O longa-metragem “É Noite na América”, da artista e cineasta brasiliense Ana Vaz, foi exibido na noite de quarta-feira (10) no Festival de Cinema de Locarno, na Suíça. Neste novo trabalho, a diretora, que tem Brasília como eixo de construção e reflexão crítica de sua obra, segue com sua câmera uma série de animais que foram parar na capital federal, perdidos, depois de serem expulsos de seu habitat selvagem no Cerrado, tanto pela expansão urbana quanto pela violência do agronegócio.
“O peso da construção, dessa modernidade excludente, extrativista, é algo que assombra e acompanha meu trabalho desde o início”, disse Ana Vaz em entrevista à RFI. Ela recorda que todas as cidades modernas foram erguidas a partir da expulsão dos animais do espaço urbano. “Essa separação criou o princípio da modernidade, mas com o foco na proteção de apenas um certo tipo de humanidade”, critica Vaz.
A intensificação da destruição do Cerrado tem causado a fuga de espécies selvagens que nunca deveriam buscar refúgio nas cidades. São tamanduás, lobos-guará, jibóias, corujas ou capivaras que aparecem nos locais mais improváveis. Muitos são recolhidos ao Zoológico de Brasília.
Em seu filme, Ana Vaz busca o olhar animal como um olhar de perplexidade, “um olhar de confrontamento à edificação dessa modernidade que nós conhecemos, neste caso incorporado pela cidade de Brasília, mas que poderia ser muitas outras cidades”, explica a cineasta.
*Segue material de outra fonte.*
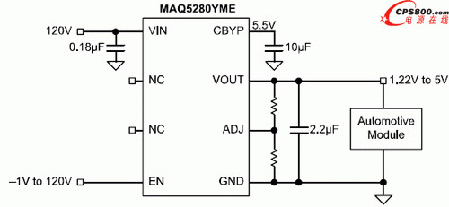 輸入電壓范圍:4.5V-120V,EN是MAQ5280的使能端,CBYP端外接10uF的電容可以提高PSRR值,輸出電壓1.22V-5V可調(diào),通過(guò)ADJ端的外接電阻來(lái)調(diào)整。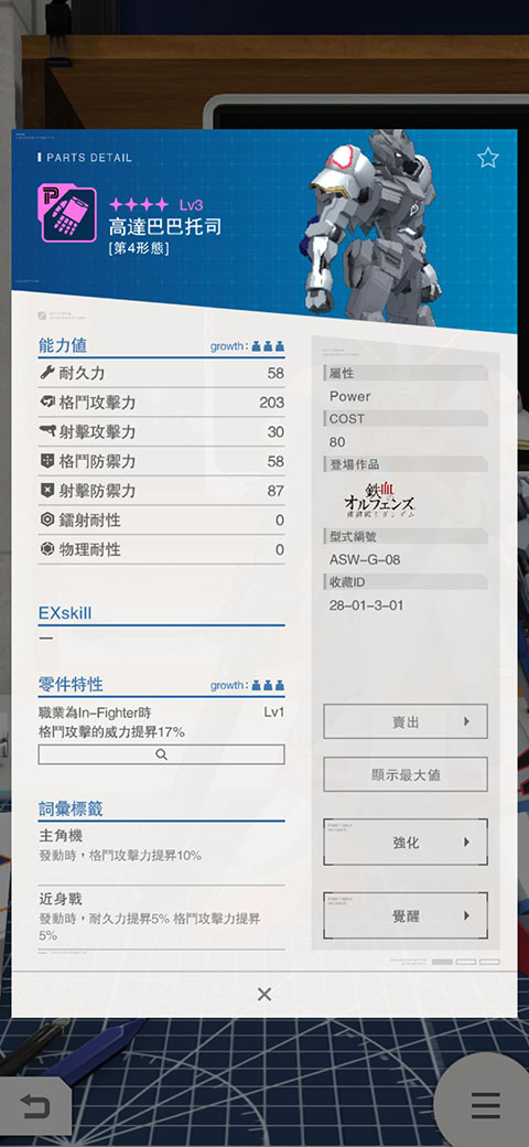 1、打开高达破坏者手游,可看到当前为高达巴巴托司主角机,他的特点是近身战,高火力,格斗加成最高,10%,其余的为5%,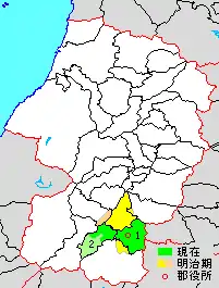 Map showing original extent of Higashiokitami District in Yamagata Prefecture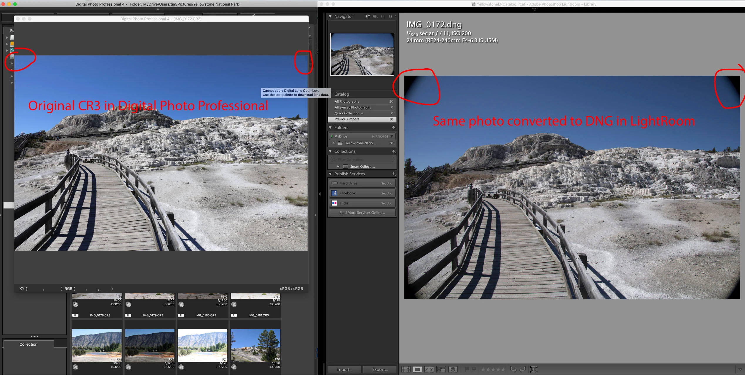 While the shot above may look like lens vignetting distortion, I think it's actually being introduced in the CR3->DNG conversion process by Adobe DNG Converter. Here's the same photo side-by-side in Canon Digitial Photo Professional in original CR3 version and Adobd DNG Converter converted DNG version.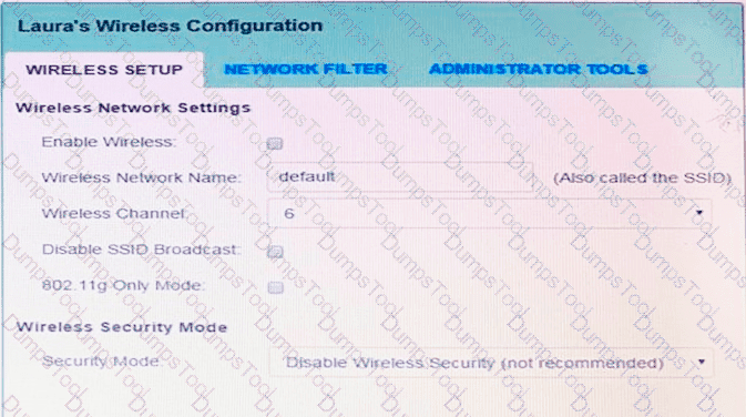Laura, a customer, has instructed you to configure her home office wireless access point.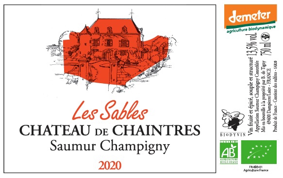 | Libellé | Château de Chaintres Les Sables BIO, 2020 - Saumur-Champigny AOP - Rouge - 75 cl |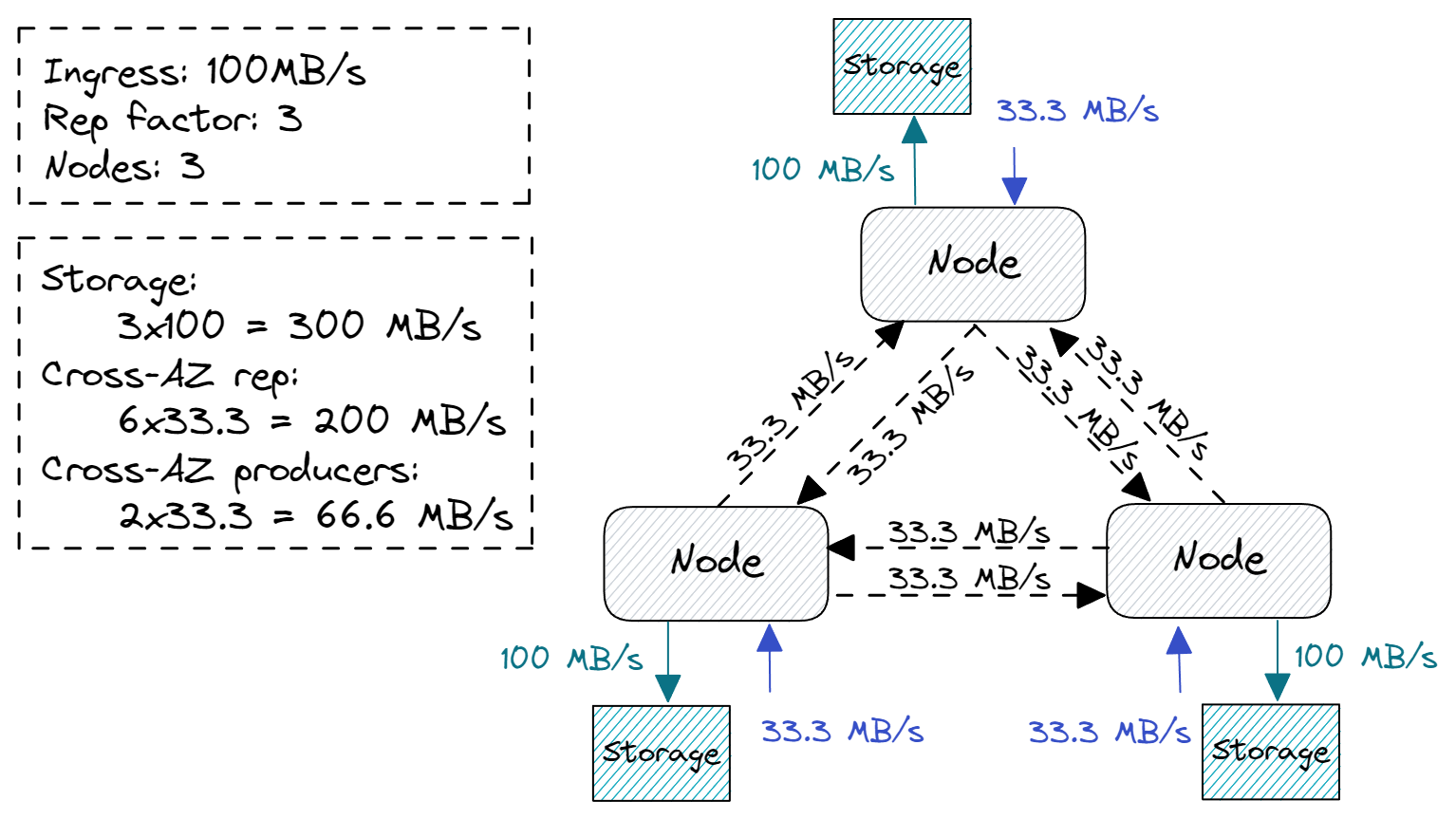 For example, given 3 nodes, a replication factor of 3 and an aggregate ingress of 100 MB/s, we get: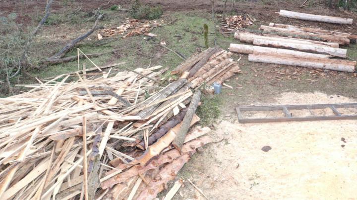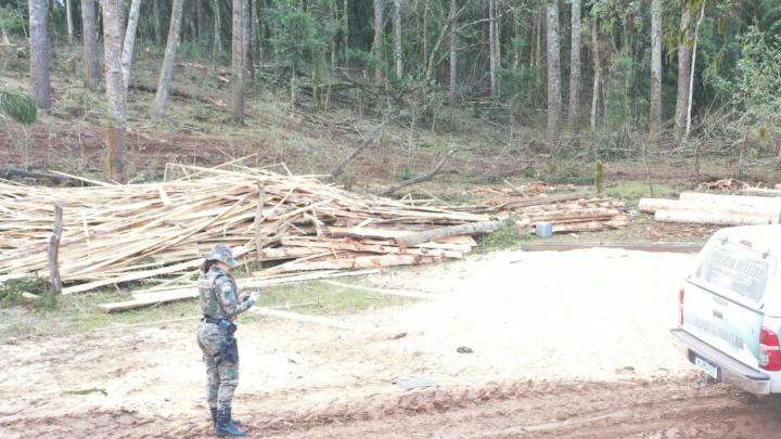 Durante patrulhamento, a guarnição foi informada sobre o corte ilegal de árvores nativas na região. No local, os policiais constataram a supressão de vegetação nativa e o processamento clandestino de madeira. Foram apreendidas 50 toras de pinheiro-brasileiro, totalizando 18,48 metros cúbicos de madeira, além de 15 tábuas (0,19 m³) e cerca de 73,92 estéreos de resíduos do beneficiamento, como costaneiras e aparas.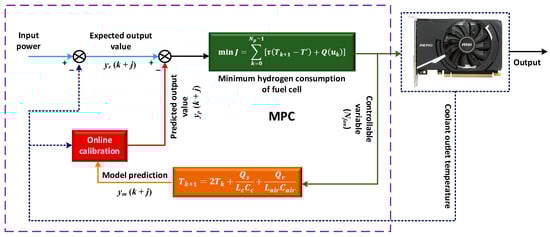 The battery temperature significantly impacts several aspects of battery performance, including longevity, energy conversion efficiency, and safety [119]. The rapid charge–discharge cycle of the battery was identified as the main cause of the rising operating temperature of the battery, which reduces the battery performance [120]. A low operating temperature affects the electrolyte performance, and a high operating temperature causes thermal runway and safety issues. Temperatures of more than 40 °C and less than −10 °C cause capacity losses and performance degradation of the battery. Hence, the thermal management of a battery pack in an EV is a crucial aspect [121]. To ensure the operation at optimal operating temperature, a BTMS should perform crucial tasks such as heat removal from the battery by cooling, increasing heat when the temperature is too low, and providing suitable ventilation for exhaust gases. According to the heat transfer medium, the BTMS can be classified into air, liquid, and phase-change material (PCM) types [122]. The internal temperature estimation of a battery is another important issue that can prevent the battery from aging and explosion risk. The internal temperature estimation can be performed using micro-temperature sensors, EIS measurement, and a lumped-parameter battery thermal model [95,122]. In contrast to battery-based EV applications, fuel cell vehicles (FCVs) have shown huge potential toward decarbonization. They are more efficient than conventional internal combustion engine vehicles and produce no tailpipe emissions since they only emit water vapor and warm air. However, thermal management in FCV should be considered an important research area to be explored [60]. Accordingly, Hu et al. [123] developed an operating temperature tracking control framework to decouple the operating temperature from the complicated driving conditions of the FCV, as shown in Figure 10.

O longa é um constante confrontamento com o olhar dos animais que nos olha, diz ela.
“Eu sempre procurei ler a topografia e a história da cidade a partir de perspectivas múltiplas que tentam descentralizar o olhar humano como o único olhar que traz significado e sentido para nossa relação com o mundo”, destaca a cineasta.